Census improvement earns Voss a White House ‘Hammer’
Taking inventory of 275 million people may never come easy, but a UW–Madison rural sociologist is being honored for helping make it more efficient.
Paul Voss, a professor of rural sociology, is part of a U.S. Census Bureau team that received a “Hammer Award” June 23 from the National Partnership for Reinventing Government. The award is Vice President Al Gore’s effort to recognize federal employees and collaborators who are making government run better and cost less.
The award went to the team of more than 30 people who created the American Community Survey (ACS), a new census program that will complement the once-a-decade canvassing of the American populace. ACS grew out of widespread concern that the current system is cumbersome and outdated.
ACS, which is already being piloted in 37 U.S. counties, takes an ongoing monthly sample of a much smaller group of people. Over the course of a year, ACS collects enough aggregate data to give people useful demographic information about their communities.
The point is to sample a much smaller percentage of a community, but ask very detailed information and do so more frequently.

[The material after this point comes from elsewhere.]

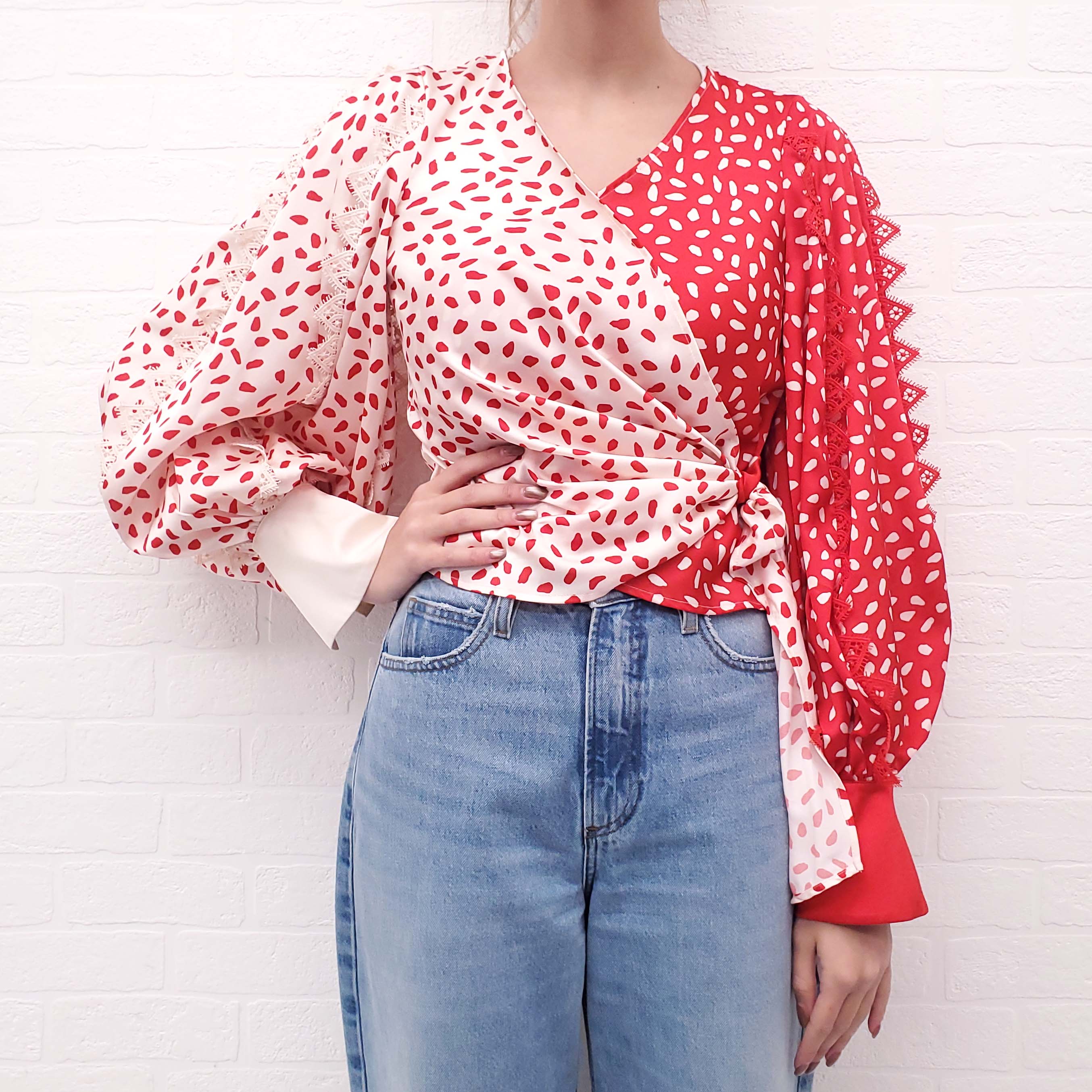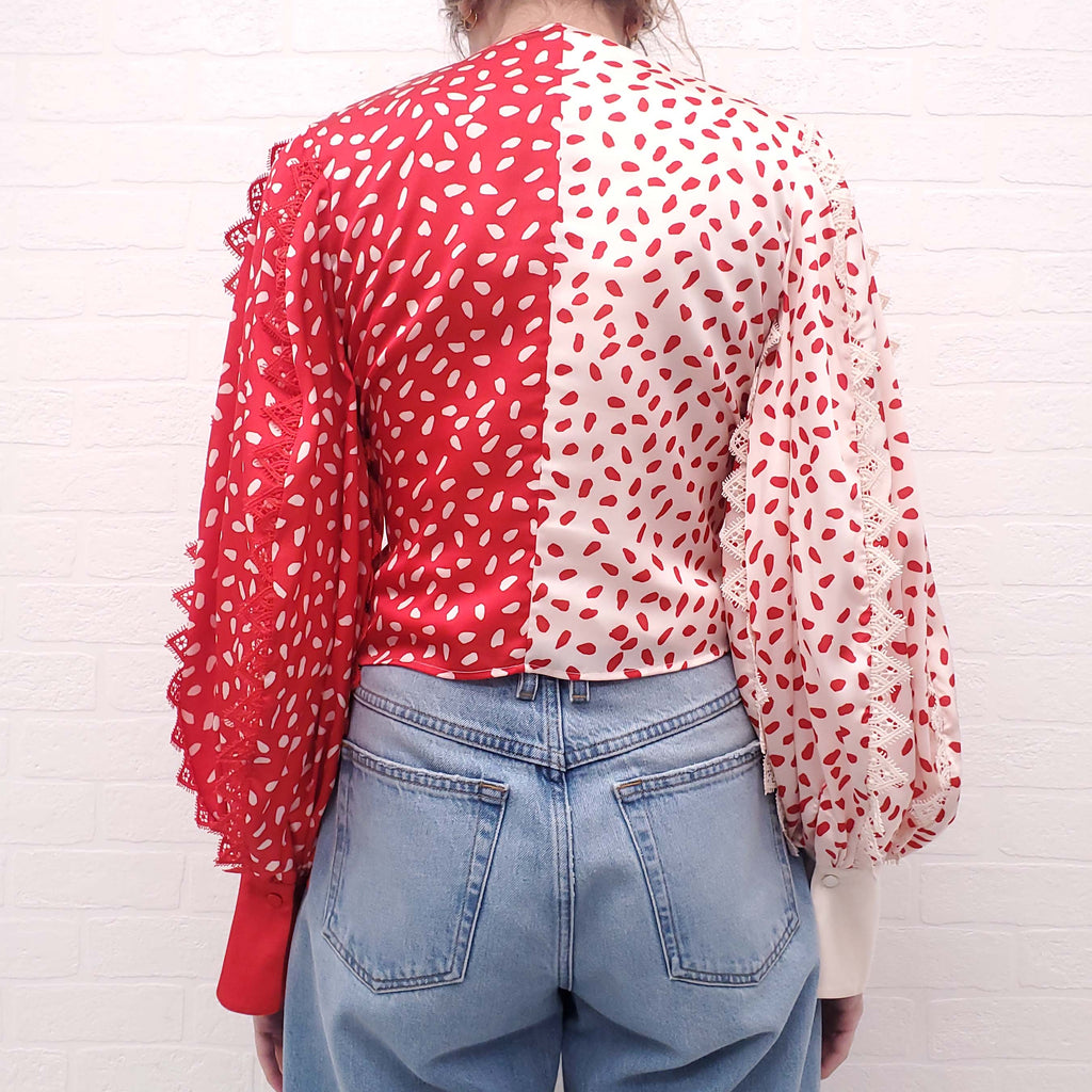 SELF-PORTRAIT RED AND CREAM PATTERNED BLOUSE - SIZE 4

ACS proponents believe it will solve problems with census data becoming too old too fast, leaving the federal government and communities to make decisions based on seven, eight and even nine-year-old data.
“We needed a radical remake of how the census performs,” Voss says.
“This is an imaginative way of approaching the need for current data, and relieving some of the burden on people responding.”
The census is crucial number-crunching, Voss says. At stake is the approximately $160 billion to $180 billion in federal funding that flows to state, county, city and school programs. Census information is a key measure of federal programs that serve the elderly, school-age children in poverty, and others.
“This is a necessity to understand who we are as a people,” he says.
Voss, a census specialist for UW Extension, began his involvement with the ACS effort as one of its harshest critics. He was concerned the approach would help cities but leave towns and sparsely populated areas behind. Changes were made to address those concerns, he says.
So far, the ACS pilot sites have shown remarkable results. While the 1990 census had only a 65 percent response rate, ACS has so far received responses from 98 percent of citizens.
Two northern Wisconsin counties – Vilas and Oneida – are part of the ACS pilot. Voss says they were chosen because of their unique population base, which is very different in the summer and winter due to seasonal tourism. Other counties in the deep South and those with large migrant worker populations were chosen for similar reasons.
Voss has been working with the U.S. Census Bureau for years. He is on the Commerce Secretary’s Advisory Committee for the 2000 Census and the Census Advisory Committee of Professional Associations.
The 2000 Census cranks up next March. By the time enumerators hit the streets, the Census Bureau will be the largest employer in America with more than 300,000 temporary workers. The bureau plans to have ACS replace the long-form portion of the census by 2010.